Python Pytorch gpu analysis environment configuration

Pytorch is one of the hottest deep learning frameworks out there, the other being TensorFlow. but I've always used is CPU version before, I bought a 3070Ti laptop a few months ago (yes, I bought a 30-series when 40-series graphics came out, which is really hard to say), and I also have an M1 chip Macbook Pro, which also currently supports Pytorch's GPU acceleration, so I thought, I'll put a Pytorch on both computers and learn deep learning superficially.

Apple silicon

First up is the M1 chip, and this is particularly easy. Start by installing a conda, only with the built-in mamba package manager, add the conda-forge channel, arm64 version.

# Download
wget /conda-forge/miniforge/releases/latest/download/
# Installation
bash

Then we create an environment with mamba, using the development version of pytorch, so the channel specifies pytorch-nightly

mamba create -n pytorch \
   jupyterlab jupyterhub pytorch torchvision torchaudio 
   -c pytorch-nightly

Finally, it is possible to use theconda activate pytorch, and then test to see if the GPU is correctly recognized.

import torch
torch.has_mps
# True
# Configure the device
device = ("mps")

Reference./metal/pytorch/

Windows NVIDIA

First, you need to make sure that your computer has an NVIDIA graphics card installed, as well as having the appropriate CUDA drivers.

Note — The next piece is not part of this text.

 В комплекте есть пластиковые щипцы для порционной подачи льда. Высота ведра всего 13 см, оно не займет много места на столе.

Graphics Card Architecture Requirements for CUDA./deeplearning/cudnn/support-matrix/

The new generation of computers basically comes with CUDA drivers. This can be done by opening the NVIDIA control panel's System Information

Check in Components to see which CUDA drivers you have installed, for example mine is 11.7.89 .

It is also possible to view, from the command line, the

Next, let's install pytorch. again the recommended method for conda, we start by downloading Miniconda from the Tsinghua mirror source.

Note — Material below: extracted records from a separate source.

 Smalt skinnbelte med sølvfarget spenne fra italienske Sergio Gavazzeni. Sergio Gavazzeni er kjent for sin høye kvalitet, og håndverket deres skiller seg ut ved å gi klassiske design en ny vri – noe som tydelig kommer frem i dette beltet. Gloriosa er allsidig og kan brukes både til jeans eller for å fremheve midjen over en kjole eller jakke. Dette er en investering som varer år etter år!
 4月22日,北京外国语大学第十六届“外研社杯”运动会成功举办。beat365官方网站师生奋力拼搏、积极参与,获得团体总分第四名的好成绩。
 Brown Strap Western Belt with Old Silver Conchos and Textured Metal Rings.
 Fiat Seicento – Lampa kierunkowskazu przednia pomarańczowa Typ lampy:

Select the Windows installation package

Once installed, we can access the command line via Anaconda Prompt and follow the recommendations on the pytorch website.

在这里插入图片描述

But there is one difference, to avoid environment conflicts, it is better to create a separate environment, so the code is as follows

conda create -n pytorch pytorch torchvision torchaudio pytorch-cuda=11.7 -c pytorch -c nvidia

followed byconda activate pytorchStart the environment and then test it in the python environment

import torch
torch.has_cuda
# True

A few common questions (at least the ones I thought of while writing the article):

Q: What is the difference between installing with conda and pip?

A: conda is the official recommended installation method for pytorch, because conda will install the CUDA drivers and related toolsets needed for pytorch to run for you as well. This means that it takes up a bit more space for conda.

Q: Is it possible to install the latest pytorch on very old hardware?

A: I think this is similar to installing a game. You can install the game, but if you don't meet the minimum configuration requirements for the game, it won't run as usual.

Q: Do I have to install CUDA driver and CUDA toolkit on my computer?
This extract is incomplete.